Imagine we find some people in front of an strange and provocative work of art devoid of all context (that is, any apparatus for determining its "meaning"). A painting perhaps, like this one:

I can imagine several reactions. Perhaps someone with an art degree will place it in a historical context, the history of abstract painting. "It looks like so-and-so's paintings." Some meaning is thereby generated, but it's clearly fraudulent in a sense, something created by the viewer through his or her personal history and knowledge. There can be no way to connect the work to the meaning that viewer creates outside that viewer's mind except through duplication of said viewer's experiences. Simply put, we can't understand the painting the way he does without his knowledge.

But suppose another viewer takes one look and proclaims the painting to be meaningless trash, and simply walks away and never considers the painting again. "Ah," might say the art degree holder, "it's simply meaningless to you.

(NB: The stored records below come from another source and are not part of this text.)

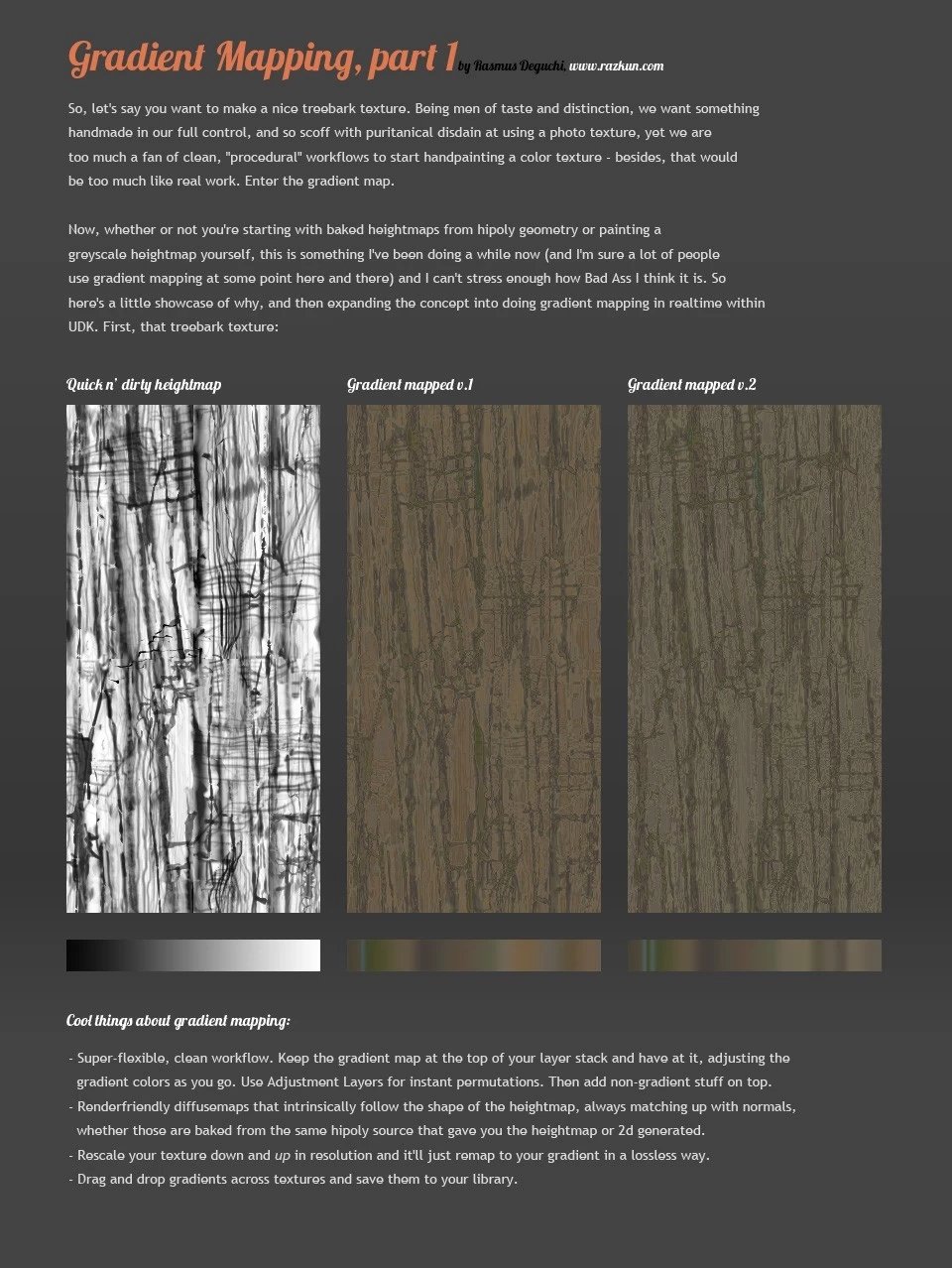 Part 1 is about how you use this as a sort of procedural basis for your diffuse textures, having them generated based upon a heightmap ? Purely a photoshop thing ? Mind showing how you do this exactly, it isn't really mentioned and I haven't used this before.
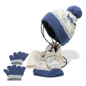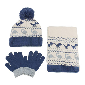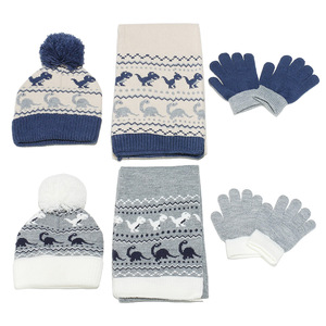 跨境亚马逊Temu秋冬新款男童恐龙针织套装儿童帽子围巾手套三件套
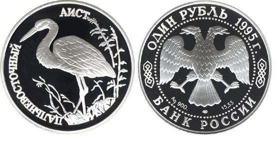 Серебряная монета Дальневосточный аист – Красная книга 15.55 г чистого металла, 1 RUB, 1995
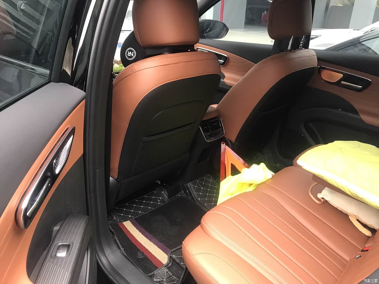内饰基本都是软的,棕色内饰也不错,就是娃娃小容易弄脏,要备一根毛巾。然后再说下车顶是黑色的设计不错,比之前的车米色的要舒服。大屏幕配合中控台不错,里面内容也丰富,娃娃看动画片可以,在车上不乱跳

If you knew about such-and-such it would make much more sense to you." So suppose he listens to the other man, and comes to some terms with the painting by learning about abstract art.

Fair enough, and it's probably true. But what's the point of this exercise? It's something we do on a fairly regular basis I think, and art simply makes the process explicit and hyper-conscious.

Those who like to connect everything to the political might suggest that doing these things helps us to reframe our perceptions of the world, make us self-conscious about the meanings we make. I think this is probably true as well, but it reduces the enjoyment of art to a civic duty, a petty liberal mind-opener. What a bore.

I don't mean to suggest that the above isn't a valid position, but I do want to deny it as the primary function of art.

Why can't we see our tendency to make meaning from chaos as the pointless exercise it is? Why must we make connections and causal inferences in art when it is clearly superfluous to survival? "But what's the point of that painting?" The question offends me. Of course it's pointless. What's the point of making up points when they aren't needed?

Sitting in front of a painting like this, and watching the people gather round and hearing the cogs in their heads turn and turn, making meaning from nothing, like God on the first day of creation, would make clear to one how foolish and sad we are sometimes. How predictable. How silly.

Could we just look at it? Can it just be? Without meaning.